If Metzler matrix has inverse matrix, then can obtain lower mixed signal m and residue signal res by equation 3 and equation 4.

[\begin{matrix} m \\ res \end{matrix}] = {[\begin{matrix} c_{1} & 1 \\ c_{2} & - 1 \end{matrix}]}^{- 1} [\begin{matrix} l \\ r \end{matrix}] = \frac{1}{c_{1} + c_{2}} [\begin{matrix} 1 & 1 \\ c_{2} & - c_{1} \end{matrix}] [\begin{matrix} l \\ r \end{matrix}]

Equation 3

m = \frac{l}{c_{1} + c_{2}} + \frac{r}{c_{1} + c_{2}},

res = \frac{c_{2} \cdot l}{c_{1} + c_{2}} - \frac{c_{1} \cdot r}{c_{1} + c_{2}}

Equation 4

Above-mentioned method of the present invention can be embodied as program and be stored in the computer readable recording medium storing program for performing such as CD-ROM, RAM, ROM, floppy disk, hard disk, magneto-optic disk etc.Because those skilled in the art in the invention can easily realize described processing, so will not provide further description here.

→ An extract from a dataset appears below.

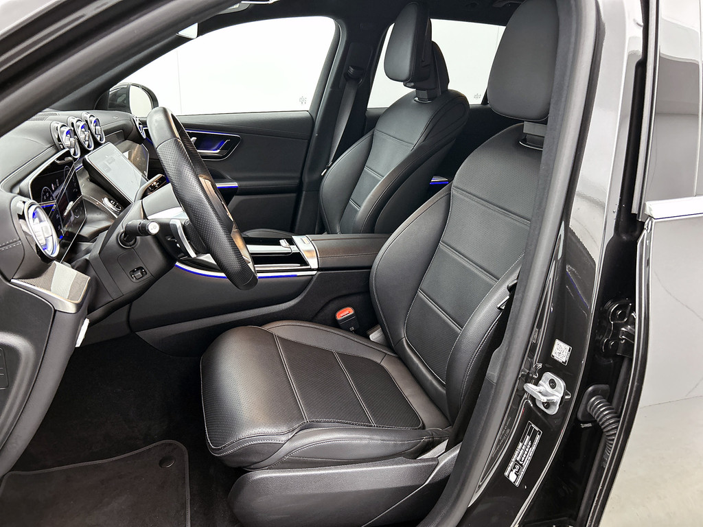 In Duitsland is auto's maken een ernstige serieuze zaak. Dat blijkt al jaren door de onderscheidende rijkwaliteiten, oerdegelijke uitvoering en technische innovatie van Duitse merken. De AMG-styling geeft dit model een elegante en opvallende uitstraling. Elektrisch? Benzine? Bij deze Mercedes-Benz GLC-klasse kan het allebei. De hybride motor biedt de ideale keuzecombinatie. Ja, en die luchtvering, dat is wel heel prettig hoor. Stabiliteit, weinig windweerstand, optimaal contact met de weg. Een erg fijne extra. Met zijn lederen bekleding is deze Mercedes-Benz comfortabel en stijlvol. 's Winters komen de verwarmbare voorstoelen heerlijk van pas. En ze zijn ook nog eens voorzien van massagefunctie. Zit u goed? De stoelen zijn eenvoudig instelbaar dankzij de elektrische bediening met geheugen. De elektrisch bedienbare achterklep opent met een druk op de knop. U wordt in deze auto ook getrakteerd op 19 inch lichtmetalen velgen, LED koplampen, AMG-styling, zwarte hemelbekleding, donker getint glas achter en neerklapbare achterbank.

Although described the present invention in conjunction with specific embodiment, it will be obvious to those skilled in the art that and to make various changes and modifications, and do not break away from the spirit and scope of the present invention that in ensuing claim, limit.

Industrial applicability

Can be used for audio object is carried out Code And Decode according to audio coding of the present invention and coding/decoding method and its equipment.

Claims

1. A multi-object audio decoding method, comprising:

receiving a bitstream, the bitstream comprising a downmix signal generated by downmixing N foreground audio objects and background audio objects, and N residual signals generated according to the downmix, wherein the N residual signals correspond to for the N foreground audio objects, and N is an integer; and

using said residual signal to recover said foreground and background audio objects from a downmix signal,

Wherein, the foreground audio object and the background audio object are mono audio objects, and

Wherein, the recovering step includes the following steps:

Using the Mth residual signal corresponding to the Mth foreground audio object among the N residual signals, and the downmix signal of the background audio object and the foreground audio object that has not been restored to restore the Mth of the N foreground audio objects a foreground audio object, and output a downmix signal after restoring the Mth foreground audio object, where M is an integer not greater than N; and

Repeat the following processing in sequence until the N foreground audio objects and the background audio objects are restored: use the M+1th residual signal corresponding to the M+1th foreground audio object among the N residual signals, and the Restoring the M+1th foreground audio object among the N foreground audio objects by using the downmix signal output by the restoring step, and outputting the downmix signal after restoring the M+1th foreground audio object.

2. A multi-object audio decoding device, comprising:

recovery parts for

receiving a bitstream, the bitstream comprising a downmix signal generated by downmixing N foreground audio objects and background audio objects, and N residual signals generated according to the downmix, wherein the N residual signals correspond to for the N foreground audio objects, and N is an integer, and

recovering said foreground and background audio objects from a downmix signal using said residual signal,

Wherein, the restoration component includes N restorers in a cascaded structure, and

Wherein the Mth restorer among the N restorers uses the Mth residual signal corresponding to the Mth foreground audio object among the N residual signals, and the downmix signal of the background audio object and the foreground audio object that has not been restored , to restore an Mth foreground audio object among the N foreground audio objects, and output a downmix signal after restoring the Mth foreground audio object, where M is an integer not greater than N.